We definatly saw him being dragged along the ground, but think back

Did you EVER see anything actually attached to him? did we ever see the mist physically connected to him..
 

BrooklynKnight said:
We definatly saw him being dragged along the ground, but think back

Did you EVER see anything actually attached to him? did we ever see the mist physically connected to him..

I just reviewed the scene 5 times, and you CAN just barly make out something black draging him. Its so fast its almost un-noticible.

The mechanical sound was very distinctive during the entire thing however. I still think its a machine, perhaps whatever is dragging him is releasing smoke. Who knows.
 

The computer isn't a personal computer. The early 70's are pre-PC. It would be a mainframe or a mini, which the tapes support.
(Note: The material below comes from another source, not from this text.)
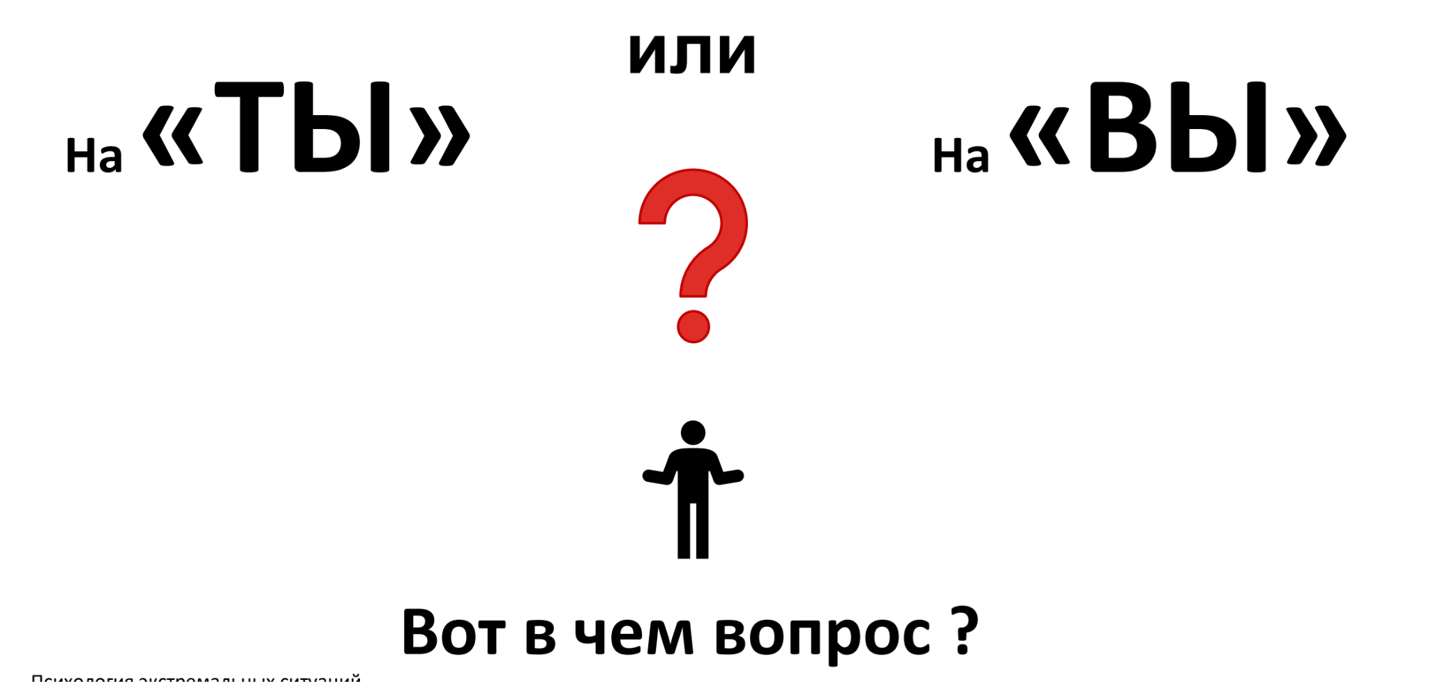 ● Работа в условиях, где "ты" является нормой: В некоторых узких профессиональных сообществах (например, среди спасателей или военных) обращение на "ты" может быть нормой даже для малознакомых людей, так как оно подчеркивает принадлежность к одной команде, братство. В таких случаях психолог, работающий с этим контингентом, может адаптировать свой стиль общения.

I don't recognize the prompt from any IBM 370 series or from any DEC stuff, so I suspect that it's just for the show.
 

Fast Learner said:
The computer isn't a personal computer. The early 70's are pre-PC. It would be a mainframe or a mini, which the tapes support.

I don't recognize the prompt from any IBM 370 series or from any DEC stuff, so I suspect that it's just for the show.
ARC Mini (forget model and maker think NCR) from the late 70s to early 80s - it could use IBM tape drives but also had spinning drives you had to exchange. You would have a command promote, you entered command and everything ran in the background and would promote you for responses as process was executed. It was also allowed multi workstations to be attached, this could mean that there are other stations on the island!
 

Arnwyn said:
- and, again: power? running water? blenders and smoothies?

Solar cells, wind/wave turbines + batteries and inverters = self-renewing electricity. Turn on the inverters, and you can run a blender, a light, a stereo, a refrigerator/freezer, or whatever else you need (with a bank of inverters, or one really big one). Eventually, you'll have to rebuild (or otherwise replace) the batteries, but desulphating the plates isn't that hard, and with some metal and a saw, you could always make more, when they wear out. The other component parts are basically reusable. In fact, you can make a battery of sea water, pennies, and nickles...

Running water is also no problem. It rains on the island, every day. Collect the water in a tank (easy, since you're underground), microfilter it (or distill it and condense the steam, if need be), and store it. The plumbing's not that hard.

Also, there may be a nuclear power plant providing more than enough energy and waste heat, so that the solar cells or turbines, batteries, and inverters aren't even needed. There could even be a "farm" of several banks of wave-turbines connected to the end of that cable that Sayid found...

Nothing within the "survival shelter" is beyond the limits of 1970s technology, with a large budget, except the food (sorry, but the shelf-life of food just isn't up to 30 years)!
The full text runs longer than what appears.